The Glossy Image of Rwanda



14 April 2010

The week of mourning has ended. 16 years after the atrocities of 1994, the Rwandan experience of the genocide and its remembrance is all the more poignant, saddening, and in my mind, singularly memorialized. At least within the Rwandan context, and as far as I’ve seen in the international realm of memory (which mainly consists of a few made for TV movies) there is no room for historic pluralism. The story of the Rwandan genocide is the story of “the genocide against the Tutsis.” This telling of the story leaves no room for the other events that have, in fact, led to much more pertinent, lasting, and, above all, current international crises such as that in the DRC and the mass amounts of internally displaced people and refugees. These events, however, are left out of the national memory as they deviate from the politically and socially useful state-sanctioned memory promoted by the Kagame administration.

Being in Kigali for the week of mourning was an eerie experience. The experience of living in Kigali is in general an eerie one- the all-too-well-kempt gardens at the imperious Ministry of Defense, the freshly mown grass and well-shaped shrubbery that line the boulevards (the ones that people get fined for walking on), it’s all far too… perfect. The lawfully enforced week of mourning is in my experience a week of unified obedience to the government’s version of history- fines for loud music, restaurants close early, people displaying a general air of sadness and grief (and expecting even expatriates to exhibit the same). It seems, in fact, that the process of grieving has been universalized. Control of the press is control of the people, and free speech and freedom of the press have never been Rwanda’s strong suit, especially when it comes to the genocide.

This weekend I visited one of the first, and perhaps one of the most blunt, genocide memorials. Located in the southern province near Butare, Murambi Genocide Memorial is in the most beautiful area of the country. During the genocide in late June, this area served as Zone Turquoise for the French Operation Turquoise. To the international community, Operation Turquoise was sold as a way to stop the killing, to end the genocide. In reality, Operation Turquoise was a green zone for high-level Hutu orchestrators of the genocide to escape to neighboring countries, and effectively evade justice. Even though the French had secured the southwest region, acts of genocide continued to take place within Zone Turquoise. The only protection given by the French military was that given to the Rwandan government responsible for the failure of the Arusha Accords and the perpetration of state-sanctioned genocide. The school in Murambi was a Tutsi stronghold, with over 50,000 unarmed civilians living within the compound. From the compound you can see the rolling hills of Rwanda, some terraced with cassava and maize, others covered with banana trees that sway lackadaisically in the cool April breeze. It was there that 50,000 people were isolated without food or water for weeks on end and subsequently slaughtered. Mass graves spot the campus.
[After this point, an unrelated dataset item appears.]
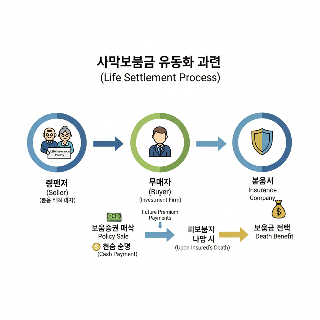 - 핵심 키워드: 사망보험금 유동화, Life Settlement, 생명보험 현금화, 보험증권 매각, 보험계약 양도.
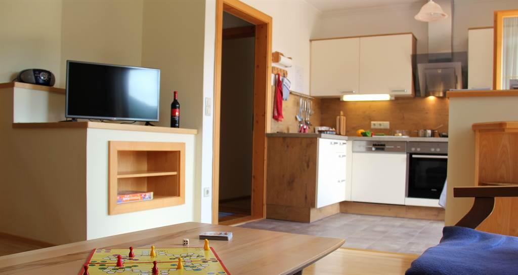 Unsere Wohnung Südblick hat 2 Schlafzimmer und ist mit Vorraum, Küche mit Geschirrspüler & Mikrowelle,Kühlschrank mit Gefrierfach ,Wohnzimmer mit Couch und Essecke mit Flachbildschirm ausgestattet, 2 WC und 1 Dusche mit fixem Föhn sind getrennt, und es gibt einen großen Südbalkon.

In 1995, one of these mass graves was dug up in an attempt to bring justice to the dead. Apparently, the means by which they had been buried actually worked to preserve the bodies. Therefore, instead of reburying the victims of such an atrocity, survivors and the creators of this memorial decided to go another direction. Now, when you visit Murambi, you walk through room after room after building after building full of the 850 chemically preserved bodies of the victims. Covered in white, lime-like preservative, the rotted flesh resulting from 16 years of decomposition fills the compound air with a thick stench of death. In each room, several tables display the horrors of genocide in a similarly horrific manner. Because the skin is still intact, along with some bits of hair and teeth, you can almost discern the facial expressions of these victims. The bodies are mangled and flattened from the months they spent thrown into a mass grave. Arms cover faces, as if shielding their eyes from imminent death. One room contained only children, their smalls bodies placed into rows. The body of an infant laid by itself on a table in the middle of the room next to a vase filled with wilting flowers. Broken skulls and machete wounds were blatantly apparent. There's something universal about the human experience that promotes a respect for the dead. That this memorial would find it necessary to be so blunt poses many questions about propriety, decency, and human justice. It is often difficult to understand the genocide, and it is even more difficult to empathize with the grief experienced by its victims. In my opinion, this memorial crosses the line of decency and moves into the realm of aggressive memory, memory that gains some sort of cryptic retribution on those who attempt to turn away from attrocity. But, then again, who am I to judge the ways in which the survivors relate their experience?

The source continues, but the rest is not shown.